Finding files by creation dates is next to impossible to do. In fact, I would say it’s a happy accident when you do. But you can check for files that are newer or not newer than a specific file. For example, if you know the /etc/mtab file has not changed since the OS was installed, then you could use that as a reference for comparison for a creation date. But would you actually know that the file has not been altered? Or should not have been? This is one of the sticky areas of find.

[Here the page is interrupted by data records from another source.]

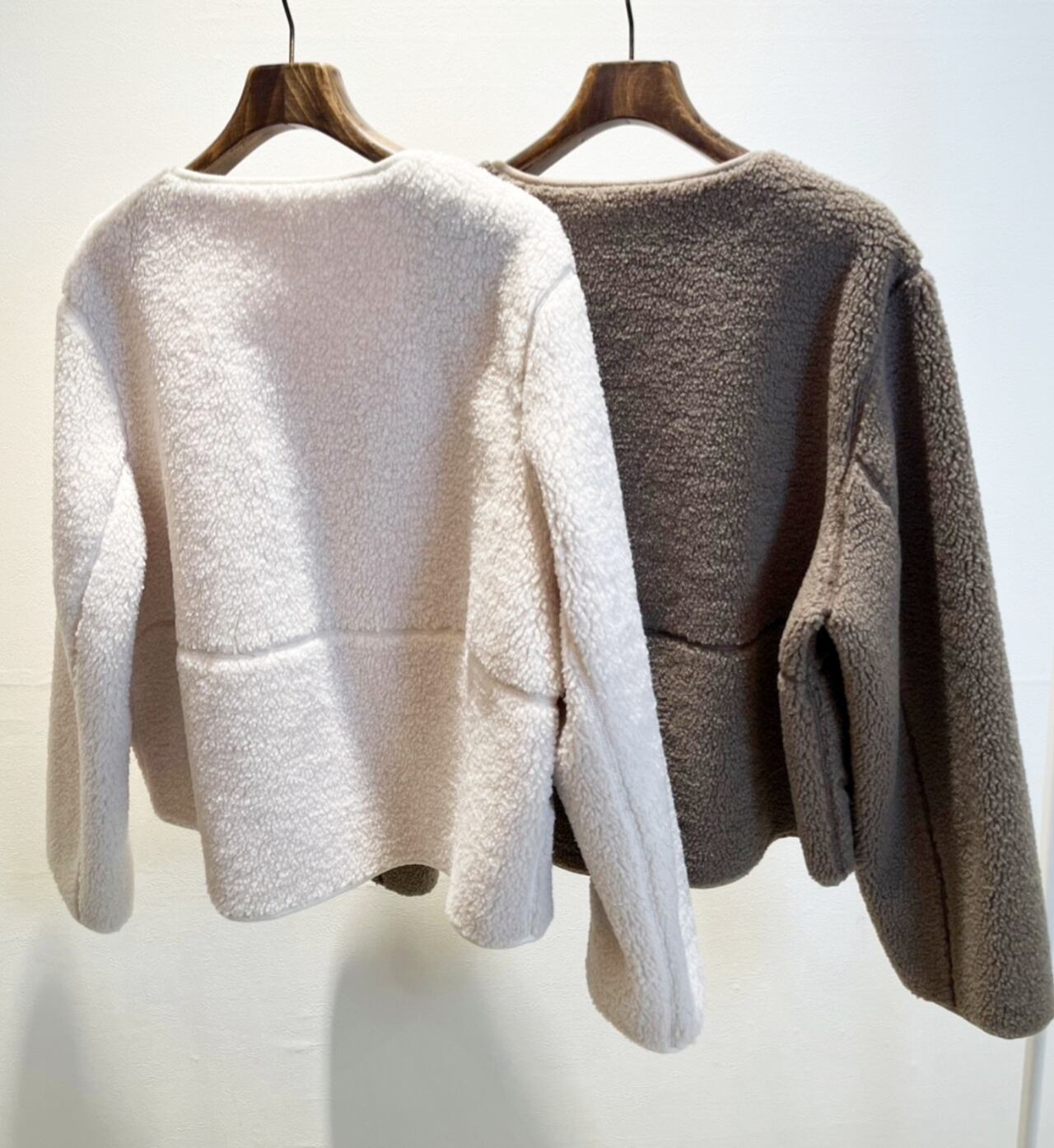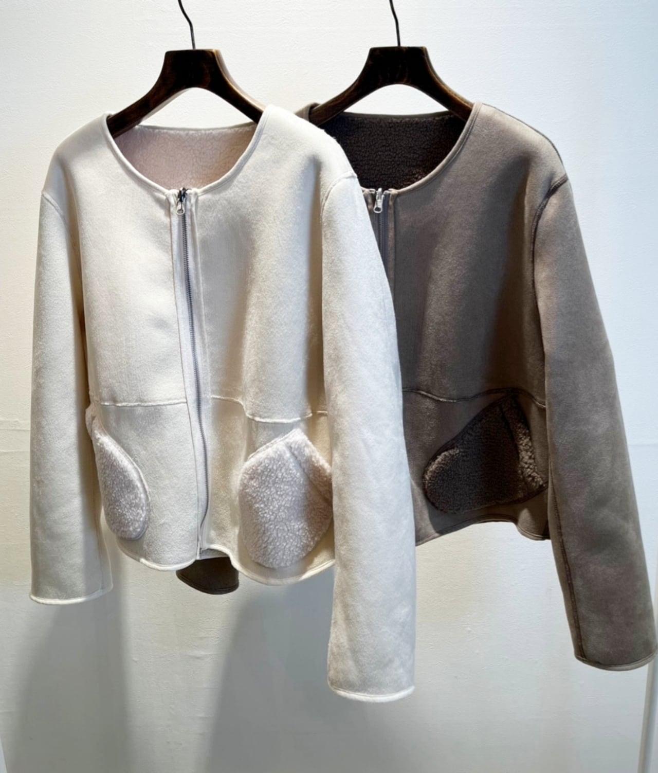 スカートやパンツワンピースなど色んなアイテムに羽織って頂けて気分でボアバージョン、フェイクスエードバージョンと楽しんで着て頂けます。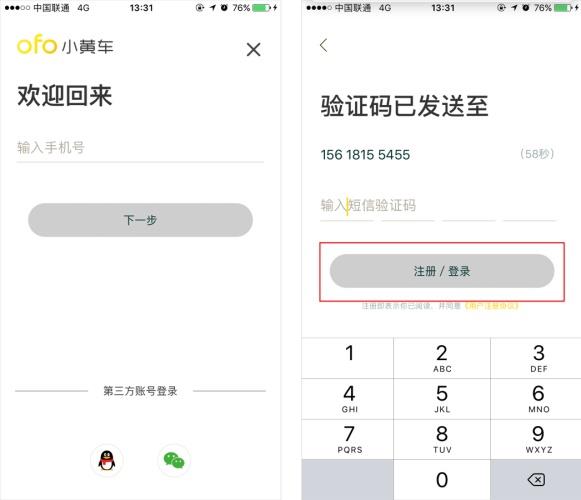 这种方式和分步骤注册类似,将注册和登录合到一起,不管你是否有注册,只要输入手机号再填写验证码,成功后即可使用产品,比如小黄车就是使用这一方式。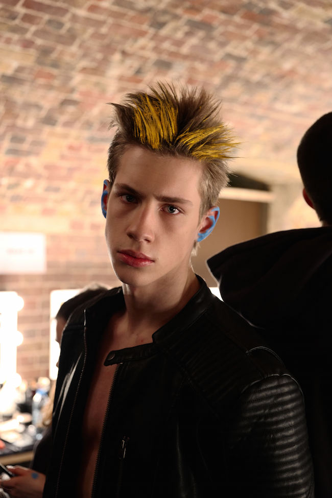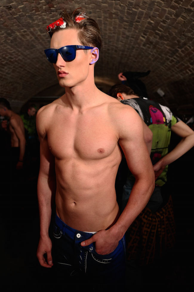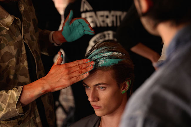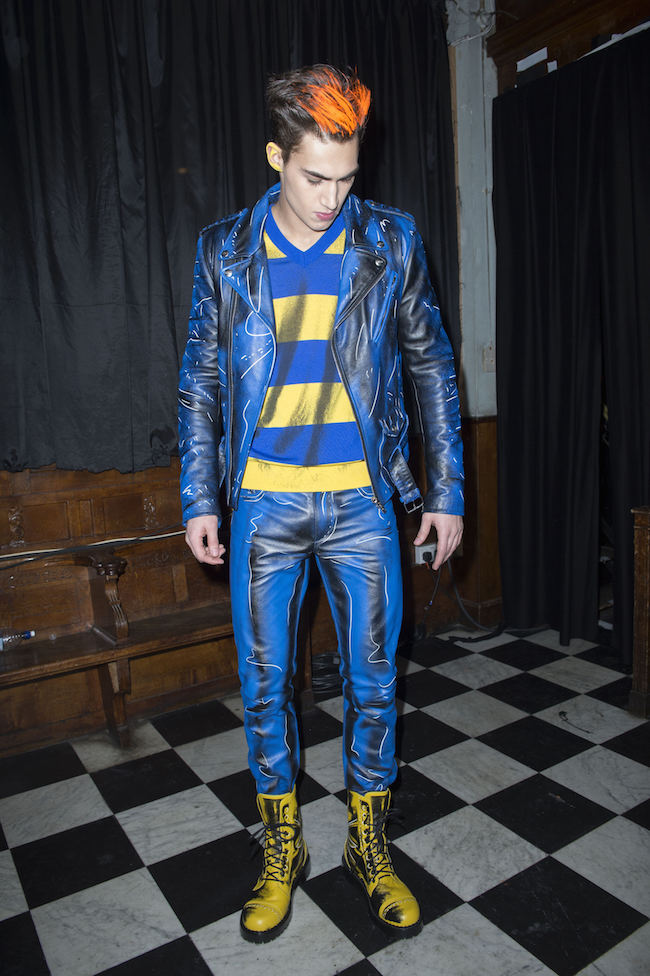 現代アートから飛び出してきたようなヘアメイクが主役、ジェレミー・スコットによるモスキーノメンズバックステージ

I usually just say you can’t find files based on creation dates, but only by when it was last changed/modified or accessed.

Combining Arguments

I touched on -a and -o above, but you can get creative on how you group the commands by using ‘(‘ and ‘)’. Also, you usually don’t have to use -a because it’s oftentimes implicit. If you have

find . -user 'joe' -type f

it is implicit that you want only files owned by joe. You don’t need a -a here. But, let’s say you wanted to see all files owned by ‘joe’ that were modified more than 90 days ago but not more than 100 days ago, or only those files that were modified within the last 4 days? As the logic becomes a little more complex, the ‘(‘ and ‘)’ can come to the rescue:

find / -user joe '(' -mtime +90 -a ! -mtime +100 ')' -o '(' -mtime -4 ')'

Conclusion

There are so many options and so much flexibility with find that you can correctly infer that it’s a daily staple for systems admins everywhere. The more you practice with it, the more indispensible you’ll find it in your day to day work at the command line.